Section 3. Compensation and Indemnification of Trustees and Payment of
Expenses and Taxes.
3.1 Fees and Expenses from Fund. As long as the Trustees are also
employees of the Company, no fees shall be paid to the Trustees. In the
event a corporate Trustee is appointed pursuant to Section 6, the Trustees
shall be paid fees in accordance with the Trustees' fee schedule as in
effect from time to time in consideration for rendering services pursuant
to this Trust Agreement. Fee changes resulting in fee increases shall be
effective upon not less than 30 days' notice to the Company. The Trustees
shall be reimbursed for any reasonable expenses, including reasonable
attorneys' fees, incurred in the administration of the Trust created
hereby. Fees and expenses shall be allocated to Participant Accounts, if
any, unless paid directly by the Employer. All compensation and expenses
of the Trustees shall be paid out of the Trust Fund or by the Employer as
specified in the Plan. If and to the extent the Trust Fund shall not be
sufficient, such compensation and expenses shall be paid by the Employer
upon demand.
3.2 Indemnification. Notwithstanding any other provision of this Trust
Agreement, any individual designated as Trustees hereunder shall be
indemnified and held harmless by the Employer to the fullest extent
permitted by law against any and all costs, damages, expenses and
liabilities including, but not limited to attorneys' fees and
disbursements reasonably incurred by or imposed upon such individual in
connection with any claim made against the individual or in which the
individual may be involved by reason of being, or having been, a Trustee
hereunder, to the extent such amounts are not satisfied by insurance
maintained by the Employer, except liability which is adjudicated to have
resulted from the gross negligence or willful misconduct of the Trustees
by reason of any action so taken. Further, any corporate Trustee and its
officers, directors and agents may be indemnified and held harmless by the
Employer to the fullest extent permitted by law against any and all costs,
damages, expenses and liabilities including, but not limited to attorneys'
fees and disbursements reasonably incurred by or imposed upon such persons
and/or corporation in connection with any claim made against it or them or
in which it or them may be involved by reason of its being, or having
been, a Trustee hereunder as may be agreed between the Employer and such
Trustee, except liability which is adjudicated to have resulted from the
gross negligence or willful misconduct of the Trustees by reason of any
action so taken.
3.3 Expenses. All expenses of administering this Trust and the Plan
incurred by the Trustees shall be paid by the Trustees from the Trust Fund
to the extent such expenses shall not have been assumed by the Employer.

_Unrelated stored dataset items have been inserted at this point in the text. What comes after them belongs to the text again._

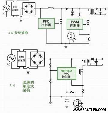 圖2:需要PFC的LED驅(qū)動(dòng)利用中不同架構(gòu)對(duì)照。
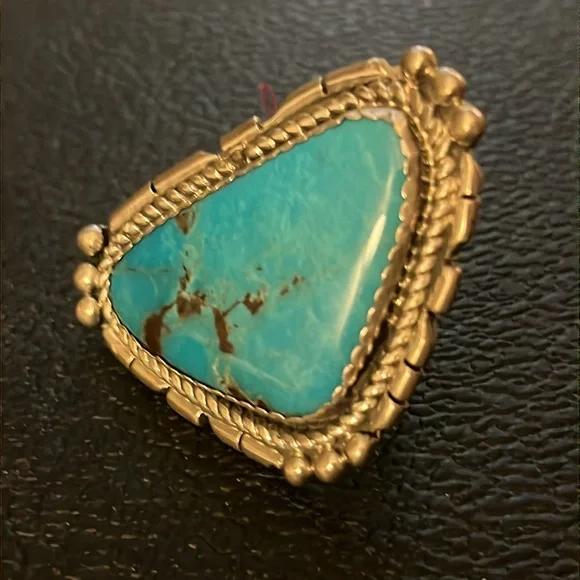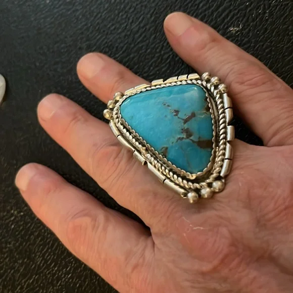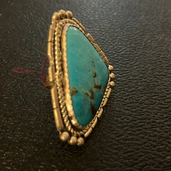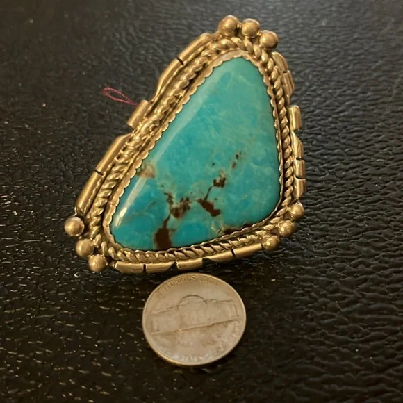 Elevate your style with this stunning turquoise and sterling silver statement ring. Perfect for adding a pop of color to any outfit.
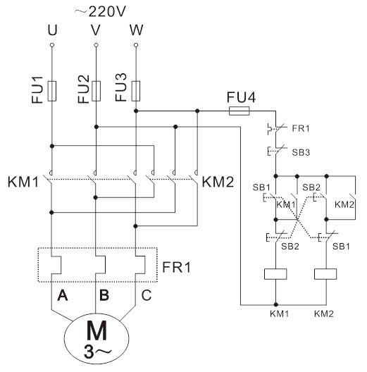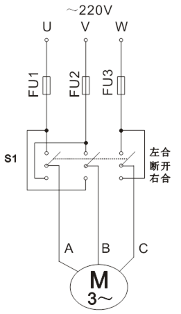 1、倒順開關正反轉控制線路:
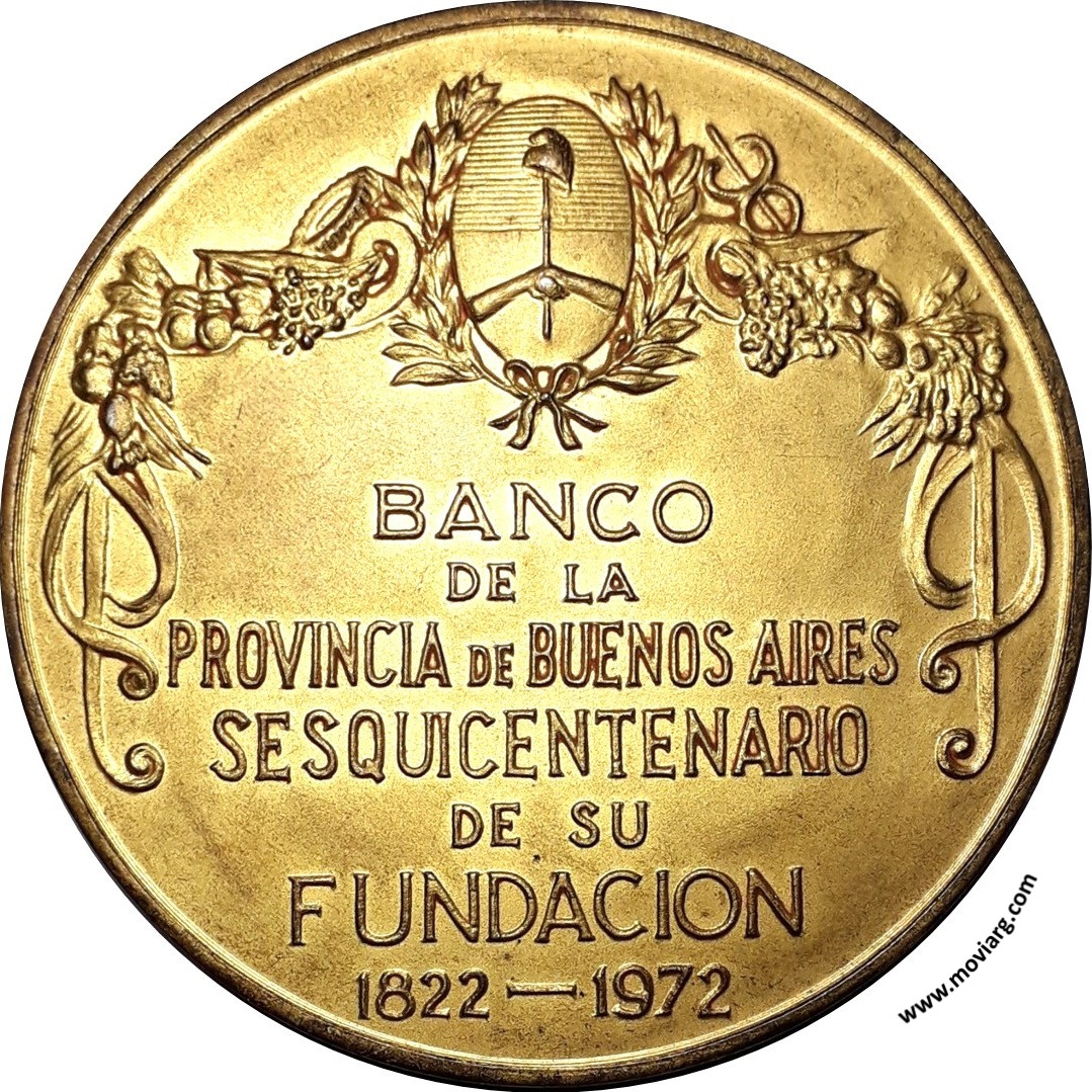 Colección MDS Anverso:Reverso: BANCO / DE LA / PROVINCIA DE BUENOS AIRES / SESQUICENTENARIO / DE SU / FUNDACION / 1822 - 1972 Referencia: | |
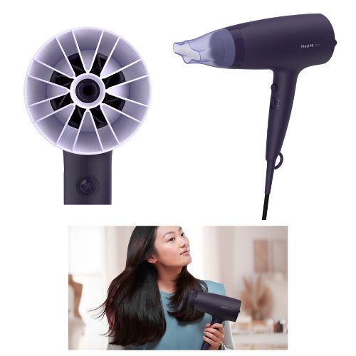 The uniquely-designed ThermoProtect attachment powerfully mixes warm and cool air for everyday care. It drops the temperature by 15°C while still drying your hair quickly.
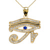 The Studded Egyptian Eye of Horus Wedjat Blue Sapphire Pendant is a mesmerizing and spiritually significant piece of jewelry that beautifully combines aesthetics and symbolism.
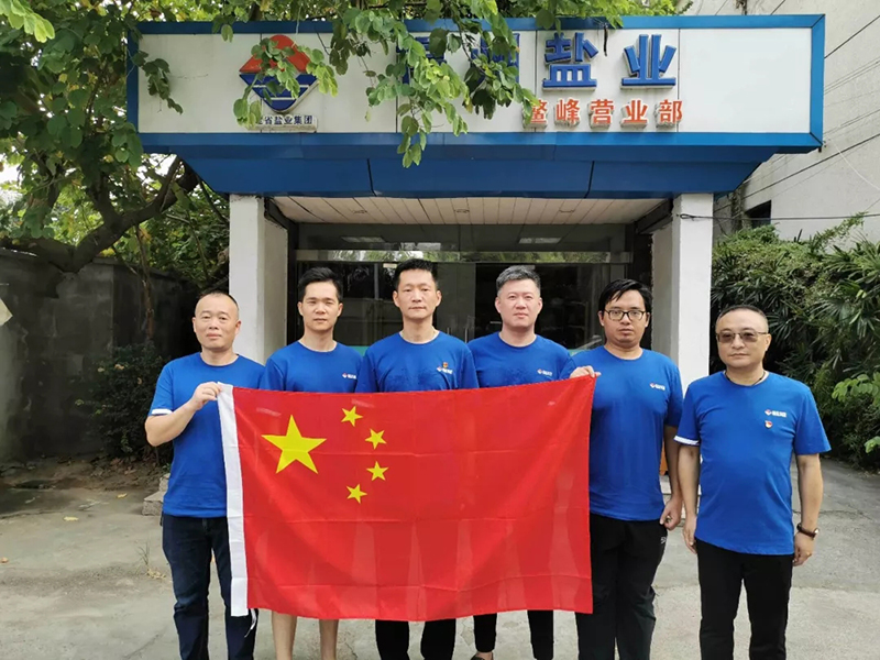 圖為福州鹽業(yè)員工與國(guó)旗合影
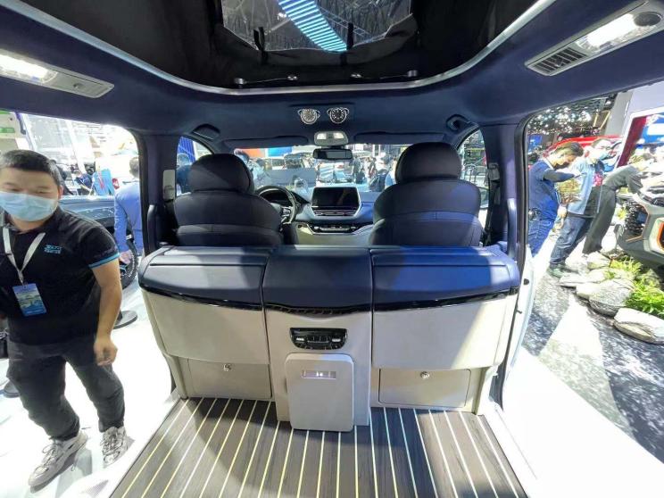 内饰方面,旅行家G20极光版后排2个能躺平150度的独立座椅,带有全向电动调节、电动脚托、电动腰托、加热/通风、按摩、记忆功能。配有滑动可伸缩的小桌板与中置集成吧台,提供即热式饮用水、冰箱。
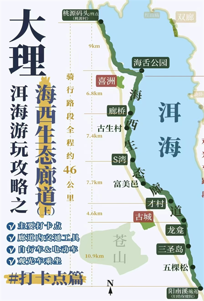 喜洲古鎮(zhèn)不在生態(tài)廊道內(nèi),從海舌到喜洲共享車不能用
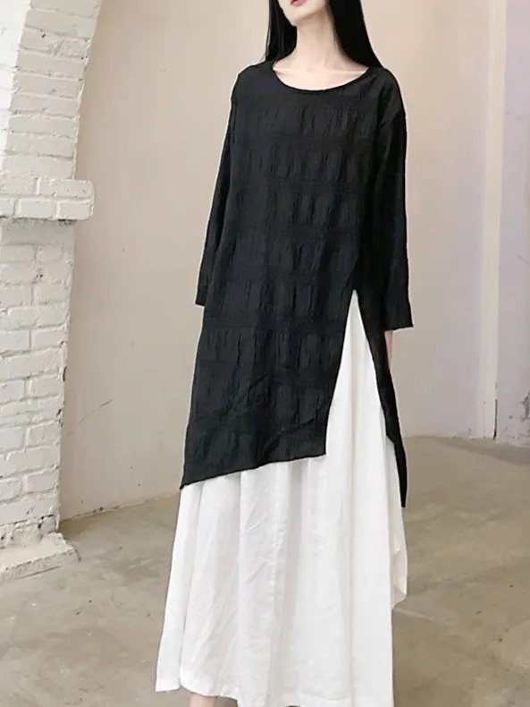 衣都精品- 新款暗格提花不規則圓領套頭罩衫上衣
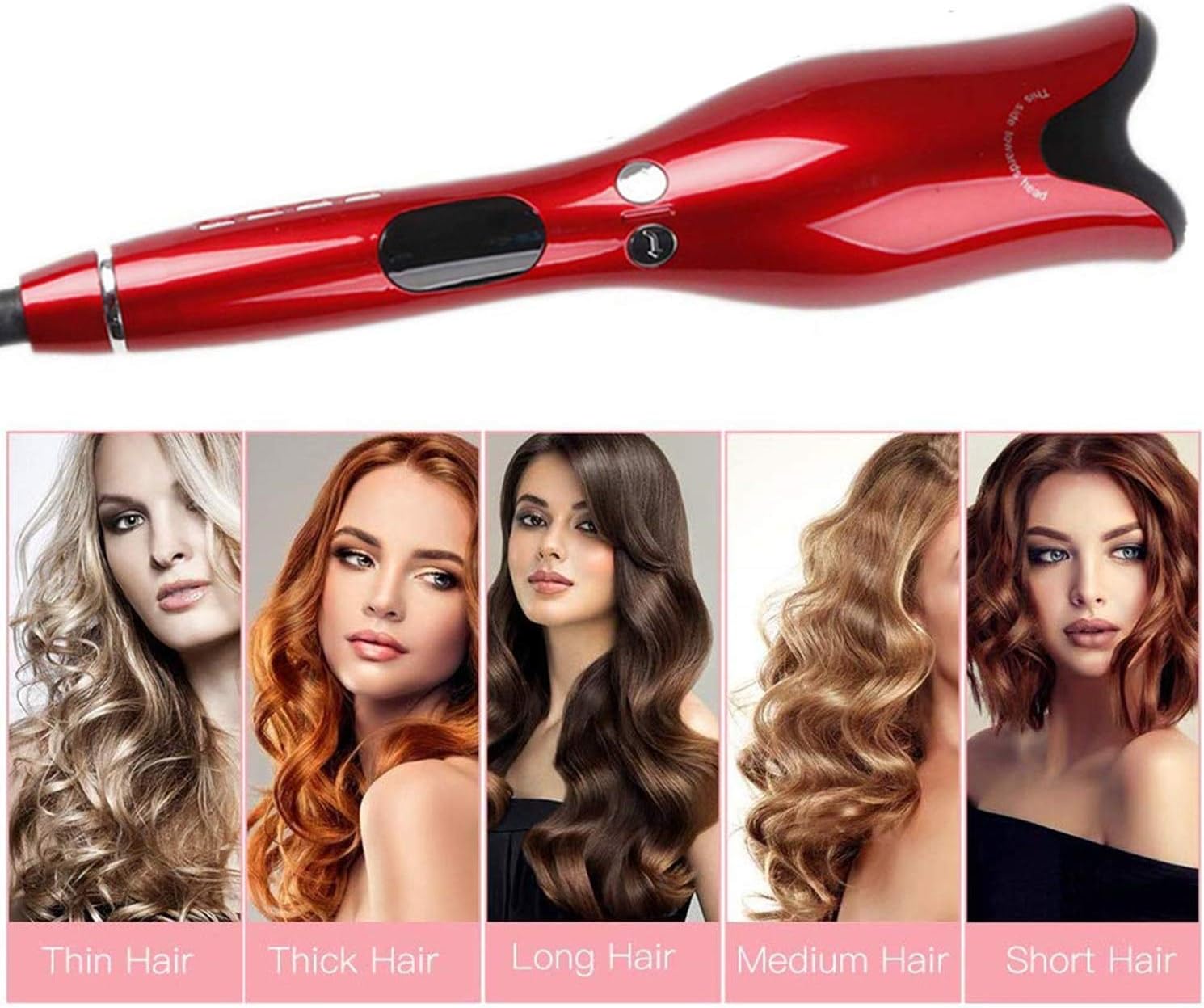 LCD Hair Curler 1 - Red, EU Plug, Automatic Spin & Curl Wand

3.4 Taxes. All taxes of any kind that may be levied or assessed upon the
Trust Fund, its income or
assets, shall be paid from the Trust Fund, but the Trustees shall not be
obliged to pay such tax so long as they shall contest the validity of such
levy or assessment upon the advice of counsel.
Section 4. RECORDS AND VALUATION.
4.1 Records. The Trustees, and any investment manager appointed pursuant
to Section 2.2, shall maintain accurate and detailed records and accounts
of all investments, receipts, disbursements and other transactions made by
them with respect to the Trust Fund, and all accounts, books and records
relating thereto shall be open at all reasonable time to inspection and
audit by the Employer.
4.2 Valuation. From time to time, but at least annually as of the last day
of each Plan Year, the Trustees shall prepare a balance sheet of the
Investment Fund in accordance with Section 7.2 of the Plan and shall
deliver copies of the balance sheet to the Employer.
Section 5. CHANGE OF TRUSTEES.
The Company may at any time remove any person or entity serving as a
Trustee hereunder by giving to such person or entity written notice of
removal and, if applicable, the name and address of the successor Trustee.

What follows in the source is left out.